World Championships silver in bag, Amit Panghal eyes Olympic glory

Amit Panghal, who became the first Indian male boxer to win a silver medal at the World Championships, has set his eyes on the 2020 Tokyo Olympic Games.

Amit Panghal is the first Indian male boxer to win a World Boxing Championships silver medal.   -  SPECIAL ARRANGEMENT

It was a historic Saturday for Indian boxing. Up until this week, no Indian boxer had bettered a bronze medal at the World Championships. The moment finally arrived when Amit Panghal scripted history by winning the silver medal at the Worlds. The journey hasn't been easy. From Rohtak to Russia, boxing against odds, the pint-sized pugilist has come a long way.

READ: Amit Panghal bags silver in boxing world championships

"It was a surreal moment when I entered the ring. I knew it was going to be tough but I gave it all I had. Gold is what I dreamt of, but I am happy with the silver," Panghal told Sportstar from Russia.

His salute after winning a bout has now become a trend, but it's the Indian flag on his jersey that he lives for. "India, Bharat" he pauses, with a bundle of emotions choking him. "It's a dream to wear this (India) jersey. To represent my nation is an honour and I would like to thank my brother Ajay who encouraged me to take up the sport. I believe one day I can become the World Champion," he said.

Amit Panghal being congratulated for winning the silver medal after the final bout at the 20th AIBA World Boxing Championships.

Amit Panghal being congratulated for winning the silver medal after the final bout at the 20th AIBA World Boxing Championships.   -  Getty Images

Traditionally, taller boxers have an advantage as it gives them a greater reach. In the final, Panghal, 5'2", was up against a taller boxer yet again.

He went down to Olympic champion Shakhobidin Zoirov of Uzbekistan in an intense 52kg bout. Panghal failed to land his punches accurately and when counter-attacked, opened up his defence. The Indian had defeated Kazakhstan's Saken Bibossinov (5'6") in the semifinal.

"I can't help with my height, but I am trying to work on how to tackle taller boxers. It was not the first time that I was facing a taller guy. I discussed with my coaches and there was a plan B. But unfortunately, I couldn't pull it off today," he said.

Nimble footwork, speed, ducking, swaying and, most importantly, his sideways movement to nullify any reach advantage an opponent has makes Panghal successful. But, that's easier said than done.

"That's my game and I need to evolve. Inside the ring, I am myself and the trick is to maintain my composure when the opponent is attacking. I know I have a good defence and I understand what the opponent is thinking. I like to keep moving around the ring," he said.

ALSO READ: A silver worth its weight in gold for Amit Panghal

The reigning Asian Champion now has his eyes set on Tokyo Olympics. "Bagging a silver at the Worlds is an achievement. But to win an Olympic medal is a dream for every athlete. It's important to train in a specific manner and it involves a lot of dedication, determination and effort. Technique-wise nothing is going to change drastically, but I need to develop in certain areas and I will come out as a better boxer," he said.

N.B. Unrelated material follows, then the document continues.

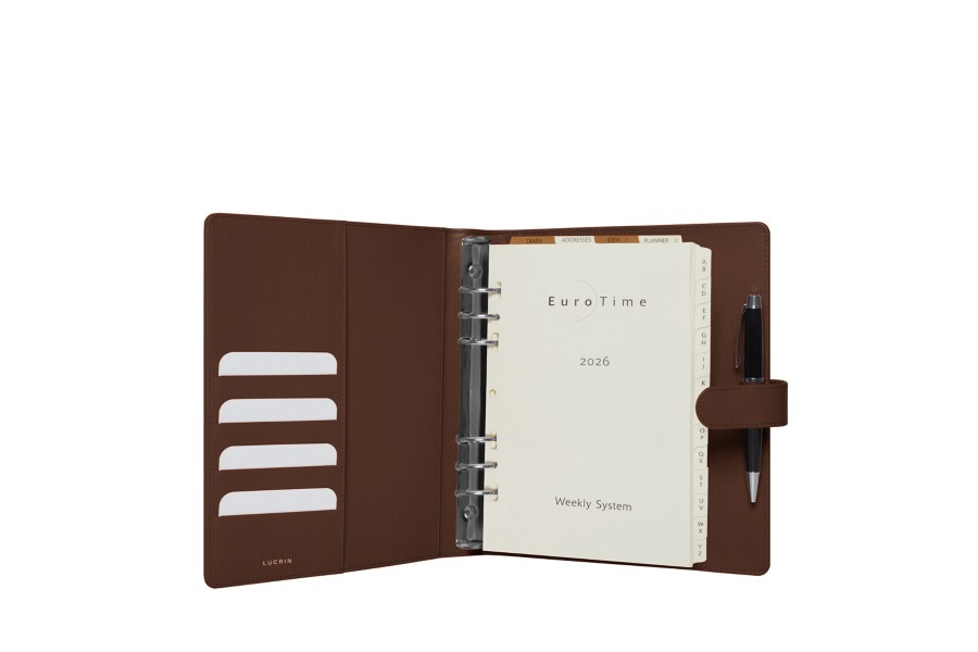 大判サイズの2019年版レザー製オーガナイザー。エレガントで実用性に優れたアイテムです。内側にはクレジットカード用のポケットが3つ付いており、週間予定表は6カ国の言語に対応しています。オーガナイザーには1月始まりの週間予定表(見開き1ページに一週間分)、電話帳、メモ帳を収録。リフィル(ROS1064)はウェブサイトから別途購入可能です。

The Indian boxing contingent along with the support staff after the medal ceremony in Russia.   -  Rajnarayan


Panghal acknowledged the feats of Indians who have won at the Worlds. Among men, Vijender Singh (2009), Vikas Krishan (2011), Shiva Thapa (2015) and Gaurav Bidhuri (2017) won the bronze in earlier editions.

"It's a proud feeling that we Indians are able to win medals at the Worlds. I am happy, rather blessed to win the silver and I thank all my fellow Indians for the support."

- Amit is going a long way, says High Performance Director -

Indian boxing's High Performance Director, Santiago Nieva, said he is thrilled with Amit's silver-medal show. "It's a terrific achievement and I am really happy for Amit. To come this far is big and Indian boxing is growing steadily."

Panghal's game plan was always simple. He would first study his opponent in the first round and then come up with a bag of tricks in the following rounds.

"The second and third rounds (in the final) were close," Santiago said. "That's how his approach is and we, as a coaching staff, wouldn't like to change (that). He is not tall but has a solid defence and knows how to break through the opponent's defence and land the punches. It's a work in progress and today's result gives us the confidence that we can do well in Tokyo."

ALSO READ: Panghal shows he belongs to highest level with World Championships silver

Facing Zoirov was no mean task. "He has been in tremendous form but became a little predictable in the final. There will be moments where we need to go back to the drawing board and analyse. But, for the moment, we will celebrate. Probably order his favourite meal and then fly back to India for a grand one. As a coach, this is one of the defining moments in my career," said Santiago. "I tell you, Amit is going a long way."